4. Literaturverzeichnis

1. Einleitung

Für das Thema „Schul- und Konzeptgeschichte des Sachunterrichts“ muss zuerst auf die Frage eingegangen werden, was Sachunterricht überhaupt ist.

Seit der Meisterlehre und dem Schulunterricht existiert der Unterricht über Sachen, der inhaltlich stets verschieden konzipiert und ausgeführt wurde. Didaktische Konzeptionen zum Sachunterricht waren schon immer beeinflusst durch philosophische, anthropologische, wissenschaftliche, gesellschaftliche oder politische Vorstellungen. So gab und gibt es Sachunterricht, verstanden als:

- Erkenntnis der göttlichen Weltordnung (Johann Amos Comenius),
- als nützliche und vollständige Erkenntnisse (Basedow),
- als Erziehung im Hinblick auf die künftige Lebensbewältigung (Philanthropen),
- als Entfaltung der naturgegebenen Anlagen im Kind (Pestalozzi)
- und als Befähigung zum wissenschaftlichen Denken und Handeln (Moderner Sachunterricht).[1]

Aber was ist Sachunterricht eigentlich wirklich? Man kann ihn unterschiedlich begreifen:

- als Unterricht über fachliche Grundlagen von Geschichte, Politik und Biologie,
- in enger Verbindung zur Heimatkunde, in der der Nahraum, die äußere räumliche Gliederung, zentral gekennzeichnet ist,

- nur bezogen auf Sachen wie Fahrräder etc.
- oder als allgemeinbildenden Unterricht.

Astrid Kaiser vertritt ein weites Verständnis von Sachunterricht und würde ihn präziser als Sach- und Sozialunterricht oder als Beziehungsunterricht bezeichnen, um zu verdeutlichen, dass keine engen, gegenständlichen Inhalte beim Sachunterricht gemeint sind, sondern Menschenbildung. Eine Vielzahl von Bezeichnungen und Vorläufern dieses Faches zeigt, dass die Geschichte des Sachunterrichts breitgefächert ist:

- Realienunterricht,
- Anschauungsunterricht,
- Heimatkunde,
- heimatkundlicher Anschauungsunterricht,
- Kernunterricht des Gesamtunterrichts,
- Sachkunde,
- Deutschheimatkunde,
- ungefächerter Sachunterricht,
- Sach- und Heimatkunde.[2]

Die folgende Ausarbeitung beschränkt sich auf die Zeit des 17. Jahrhundert, des 19. Jahrhunderts, auf den Beginn des 20. Jahrhunderts, auf die sechziger sowie die siebziger Jahre und die Zeit nach 1980. Diese Zeitabschnitte spielen für die Geschichte des Sachunterrichts eine gravierende Rolle.

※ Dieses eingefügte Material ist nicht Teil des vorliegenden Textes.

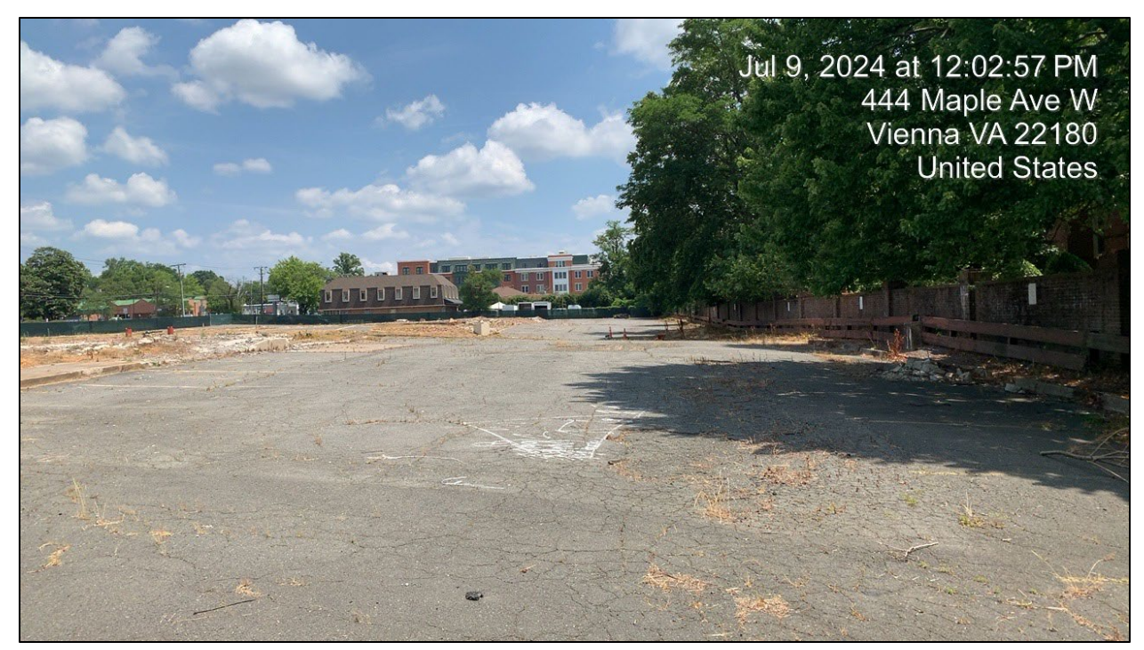
Site interior looking north-east, over fence
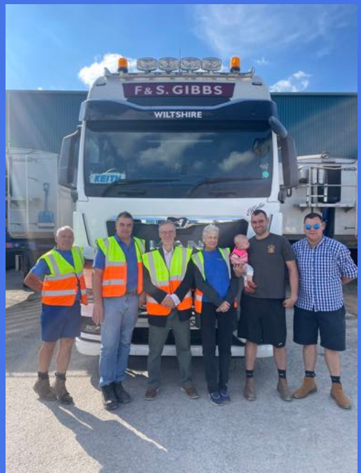
Visiting F&S Gibbs Transport Services Ltd to see the site their award money will be spent on
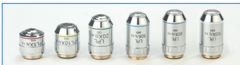
A5M.2633 Metallurgical LWD Infinity Plan Objectives
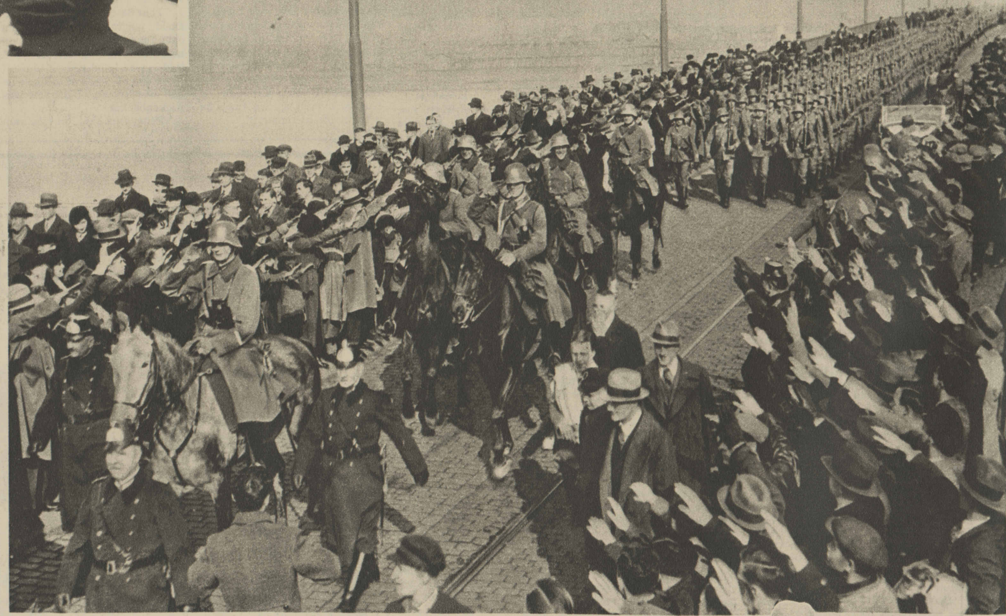
3 Hitler reoccupies the Rhineland—a scene at Mainz, Germany, on March 7, 1936.
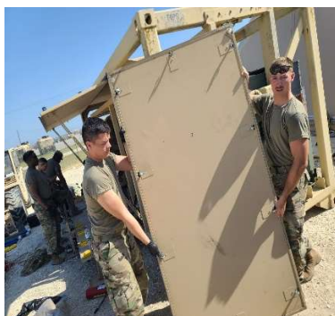
Taking doors of the hinges

2. Zeit, Schulentwicklung, Didaktik

2.1. Das 17. Jahrhundert

Das 17. Jahrhundert wird als die Epoche des Realienunterrichtes bezeichnet, dessen Ansätze heimatlich und situationsbezogen waren. In den damaligen Dorfschulen wurde er nicht unbedingt unterrichtet, er stand aber im Mittelpunkt didaktischer Auseinandersetzungen. Später entstanden als Folge davon neben den sprachorientierten Lateinschulen Realschulen und Realgymnasien, die Sachfächer wie Geschichte, Naturkunde und Geographie unterrichteten.

Im 17. Jahrhundert wurden die Realien von pädagogischen Philosophen gefordert. Das erste theoretische Konzept zur allumfassenden Bildung vertrat der böhmische Aufklärer Comenius in den dreißiger Jahren dieses Jahrhunderts, indem er das erste als allgemeinbildend verstandene Sachbuch „Orbis sensualium pictus“ 1658 mit dem Anspruch herausgab, das gesamte Wissen der Welt zu vermitteln. Abgedruckt waren pro Seite ein Bild und darunter in vier (bzw. zwei) Sprachen (Latein, Deutsch, Tschechisch, Ungarisch) kurze Erläuterungen. Thematisiert wurden Naturdinge, Szenen aus dem menschlichen Arbeitsleben sowie biblische Geschichten. Comenius beabsichtigte, die Menschen durch „wahres Wissen“ zur Weisheit zu bringen und allen alles zu lernen, nicht nur den Kindern der Privilegierten. Er wollte die Menschen bilden, nicht nur durch Bücherwissen, sondern vor allem durch motivierendes Unterrichten und durch Originalbegegnungen.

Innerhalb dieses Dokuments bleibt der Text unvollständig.